In the case at bar, however, appellant’s claim of involuntariness and lack of understanding was squarely presented to the trial judge and was flatly rejected, and only if the judge’s decision lacks substantial support in the evidence [are we] disposed to alter it. [140 U.S.App.D.C. at 6, 433 F.2d at 1112.]

. After so describing Miranda in Fare v. Michael C., the Supreme Court went on to cite Harris v. New York, 401 U.S. 222, 91 S.Ct. 643, 28 L.Ed.2d 1 (1971), in noting that the proscription of Miranda is applicable “at least during the State’s case-in-chief.” 99 S.Ct. at 2568.

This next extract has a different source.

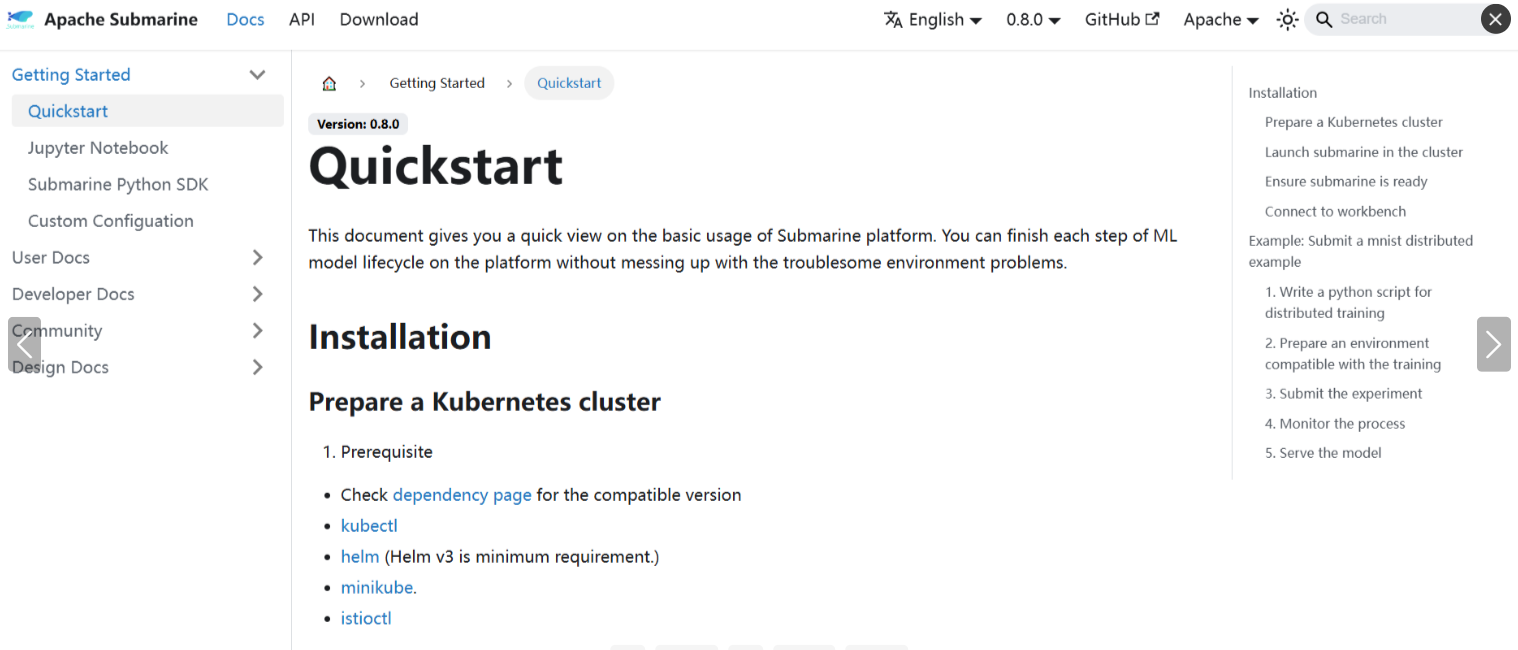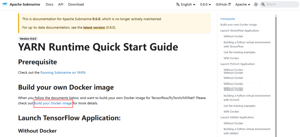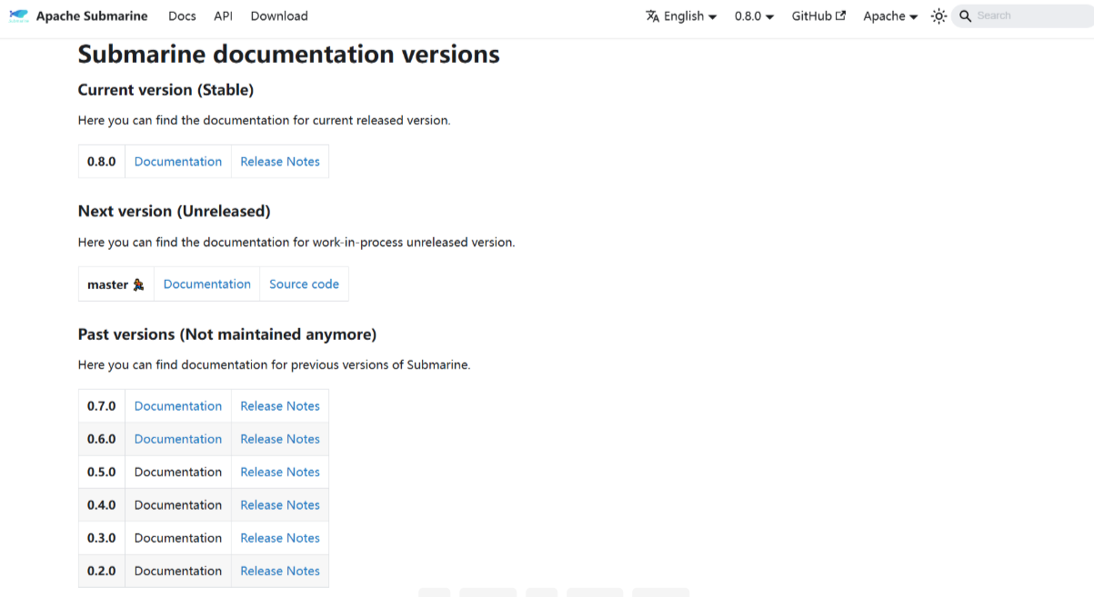 Submarine 官网地址:https://submarine.apache.org/versions/

.In the interest of thoroughness, however, we quote the following footnote in the Supreme Court’s decision in Fare v. Michael C., supra:

Indeed, this Court has not yet held that Miranda applies with full force to exclude evidence obtained in violation of its prescriptions from consideration in juvenile proceedings, which for certain purposes have been distinguished from formal criminal prosecutions. See McKeiver v. Pennsylvania, 403 U.S. 528, 540-541 [, 91 S.Ct. 1976, 1983-1984, 29 L.Ed.2d 647] (1971) (plurality opinion). We do not decide that issue today. In view of our disposition of this case, we assume without deciding that the Miranda principles were fully applicable to the present proceedings. [99 S.Ct. at 2567 n. 4.]

. We are mindful that to be acceptable, such a confession should be “voluntary, in the sense not only that it was not coerced or suggested, but also that it was not the product of ignorance of rights or of adolescent fantasy, fright or despair.” In re Gault, supra, 387 U.S. at 55, 87 S.Ct. at 1458 (footnote omitted).

. Appellant also alleges that his statement which were made during the subsequent roundtable session with the other youths and parents should have been suppressed. However, in view of our conclusion that appellant’s inculpatory statement to his mother was not the result of improper police activity, we see no error in the use of the second confession. (The record reflects that nothing critical to his guilt was revealed by appellant at the roundtable session which he had not already revealed in response to his mother’s questions.)